Molmo is an advanced multimodal model that is open source and was released earlier today by the Seattle-based research institute, the Allen Institute for AI (AI2). Compared to Llama, Molmo was made available with a less restricted license, and AI2 is also making available the specifics of its training data, which will enable academics and developers to play with and tweak the model.
Today, Meta announced that Llama 3.2 will be available in multiple sizes, each with comparable features.
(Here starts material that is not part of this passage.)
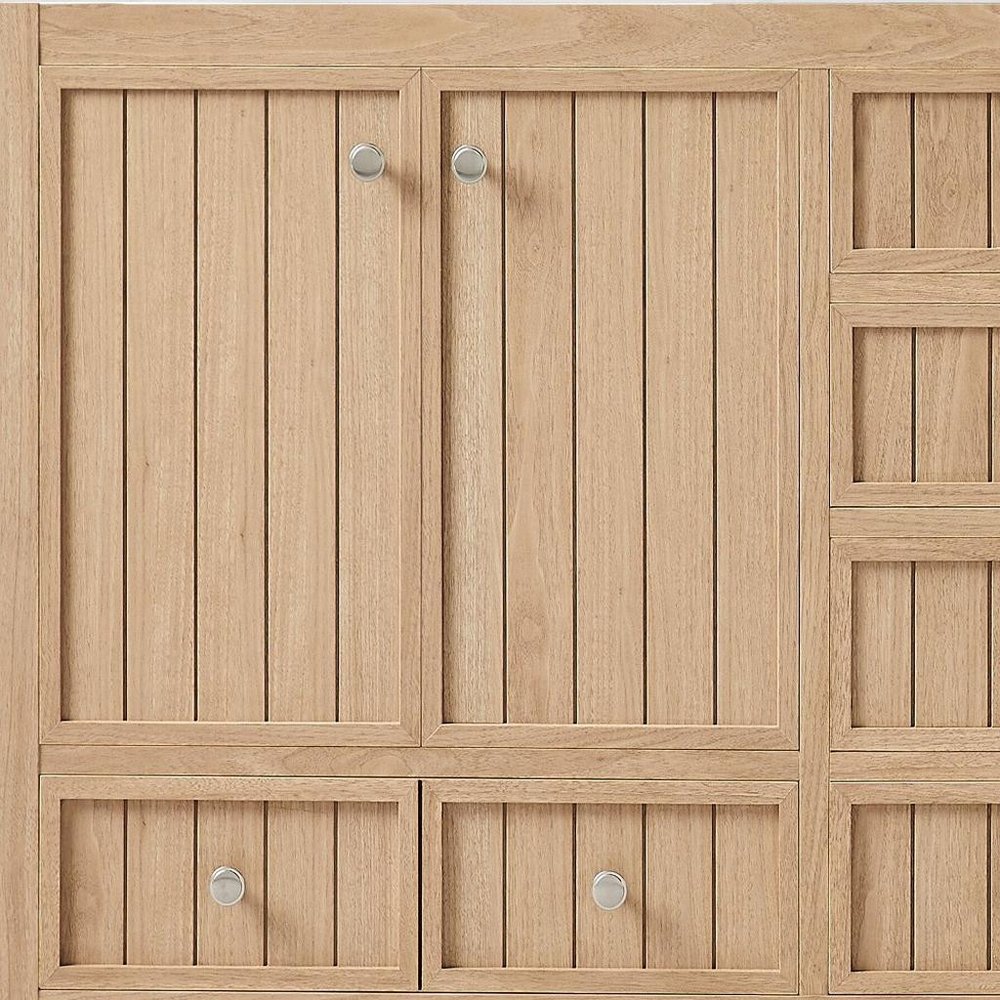 The 60-inch natural wood double bathroom vanity with white and gray quartz countertop seamlessly combines modern elegance with functional design. Its stunning quartz countertop features a pearly white color with light gray marbleized veining that complements the natural color of the manufactured wood base. Equipped with two undermount sinks made of durable ceramic, it offers ample functionality for busy mornings. The six functional drawers provide generous storage and feature soft close door hinges that add to the refined touch. The brushed nickel metal drawer pulls and bead board texture complete the stylish aesthetic. This vanity comes assembled and strikes the perfect balance between practicality and fashionable style in your bathroom. 35.00-inch h x 60.00-inch w x 22.00-inch d.

Meta is providing less capable 1 billion and 3 billion parameter versions that are intended to function well on portable devices, in addition to two more potent instantiations with 11 billion and 90 billion parameters—a measure of a model’s complexity as well as its size. These versions, according to Meta, are designed for MediaTek and Qualcomm ARM-based mobile CPUs.
The AI revolution at Meta occurs at a competitive moment as IT companies strive to provide the most sophisticated AI. It may have an advantage in supplying the basis for a lot of AI products and services because of the company’s decision to make its most valuable models available for free, especially as businesses start looking into the possibilities of AI agents.